┌──
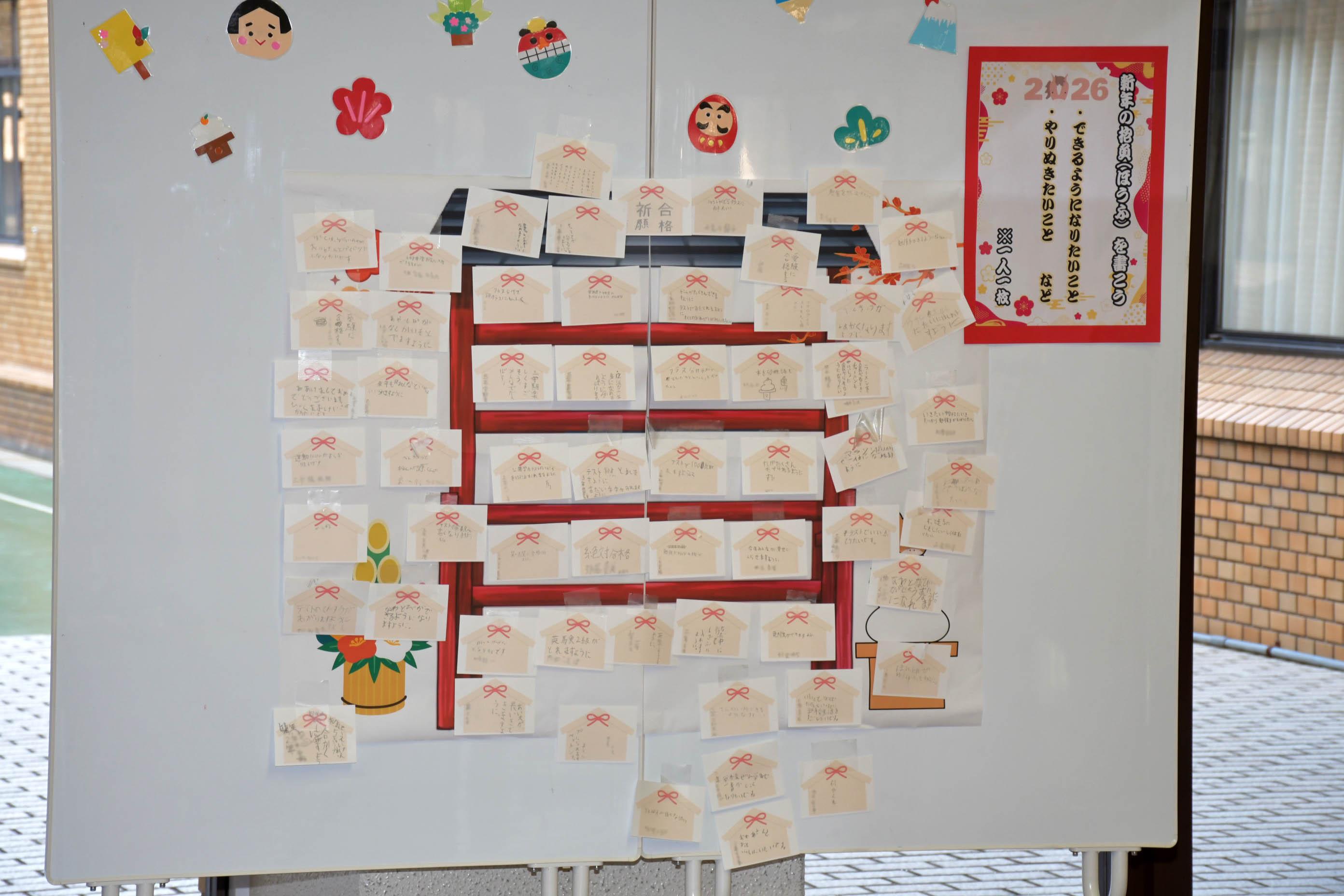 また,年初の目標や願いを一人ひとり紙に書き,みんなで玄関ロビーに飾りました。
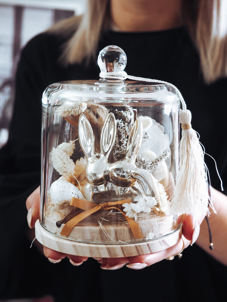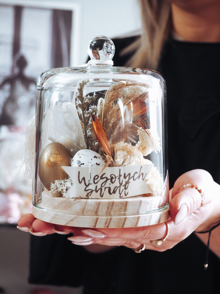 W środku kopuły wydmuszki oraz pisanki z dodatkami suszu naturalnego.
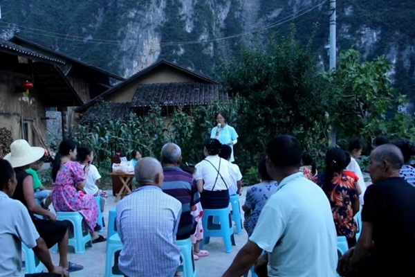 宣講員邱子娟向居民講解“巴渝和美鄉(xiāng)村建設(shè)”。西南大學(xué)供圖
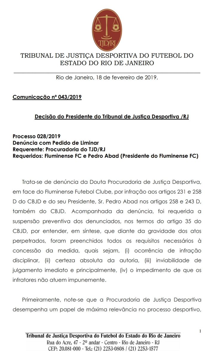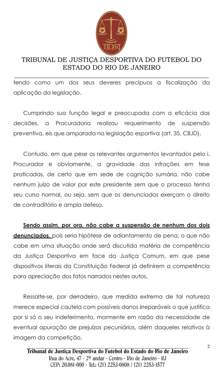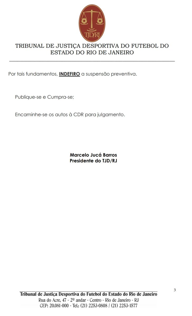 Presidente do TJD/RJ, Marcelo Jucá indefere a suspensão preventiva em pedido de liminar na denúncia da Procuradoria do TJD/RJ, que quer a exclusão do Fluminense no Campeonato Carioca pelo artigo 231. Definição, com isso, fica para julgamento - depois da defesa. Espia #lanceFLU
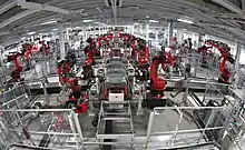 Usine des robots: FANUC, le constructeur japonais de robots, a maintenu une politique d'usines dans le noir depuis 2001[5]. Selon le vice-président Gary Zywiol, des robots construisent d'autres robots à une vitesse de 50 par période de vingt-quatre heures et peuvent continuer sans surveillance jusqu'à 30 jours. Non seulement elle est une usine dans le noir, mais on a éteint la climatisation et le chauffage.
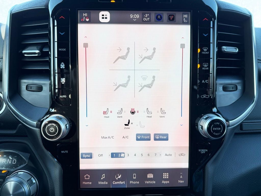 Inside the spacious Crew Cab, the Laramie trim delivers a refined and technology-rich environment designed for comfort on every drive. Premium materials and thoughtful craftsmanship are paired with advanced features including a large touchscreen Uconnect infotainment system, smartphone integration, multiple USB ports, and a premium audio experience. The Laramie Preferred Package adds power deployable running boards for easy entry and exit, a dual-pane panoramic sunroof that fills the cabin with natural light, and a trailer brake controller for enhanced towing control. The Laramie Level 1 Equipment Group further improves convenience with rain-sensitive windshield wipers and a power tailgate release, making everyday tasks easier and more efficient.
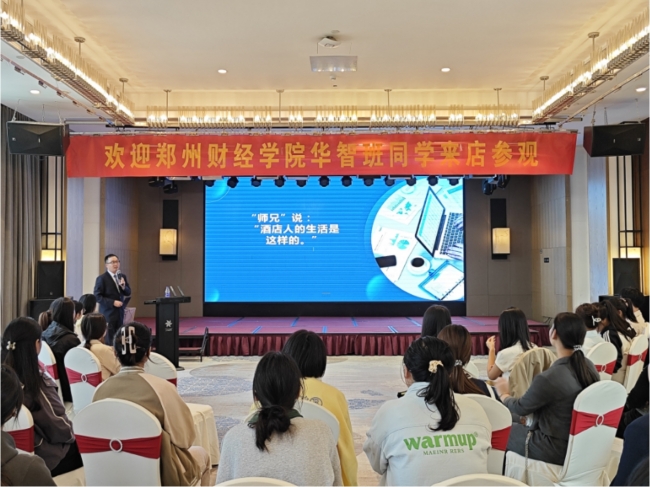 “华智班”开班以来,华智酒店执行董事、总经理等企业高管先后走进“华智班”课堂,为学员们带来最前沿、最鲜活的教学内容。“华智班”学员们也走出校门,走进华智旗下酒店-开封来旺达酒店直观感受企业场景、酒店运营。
└──
> _REQUIRED ACTION_: Starting with the line above that holds "W środku kopuły", restate each line word for word up to and including the line that holds "Usine des robots: FANUC, le". Drop the pictures.

> _EXERCISE RESULT_:
 W środku kopuły wydmuszki oraz pisanki z dodatkami suszu naturalnego.
 宣講員邱子娟向居民講解“巴渝和美鄉(xiāng)村建設(shè)”。西南大學(xué)供圖
 Presidente do TJD/RJ, Marcelo Jucá indefere a suspensão preventiva em pedido de liminar na denúncia da Procuradoria do TJD/RJ, que quer a exclusão do Fluminense no Campeonato Carioca pelo artigo 231. Definição, com isso, fica para julgamento - depois da defesa. Espia #lanceFLU
 Usine des robots: FANUC, le constructeur japonais de robots, a maintenu une politique d'usines dans le noir depuis 2001[5]. Selon le vice-président Gary Zywiol, des robots construisent d'autres robots à une vitesse de 50 par période de vingt-quatre heures et peuvent continuer sans surveillance jusqu'à 30 jours. Non seulement elle est une usine dans le noir, mais on a éteint la climatisation et le chauffage.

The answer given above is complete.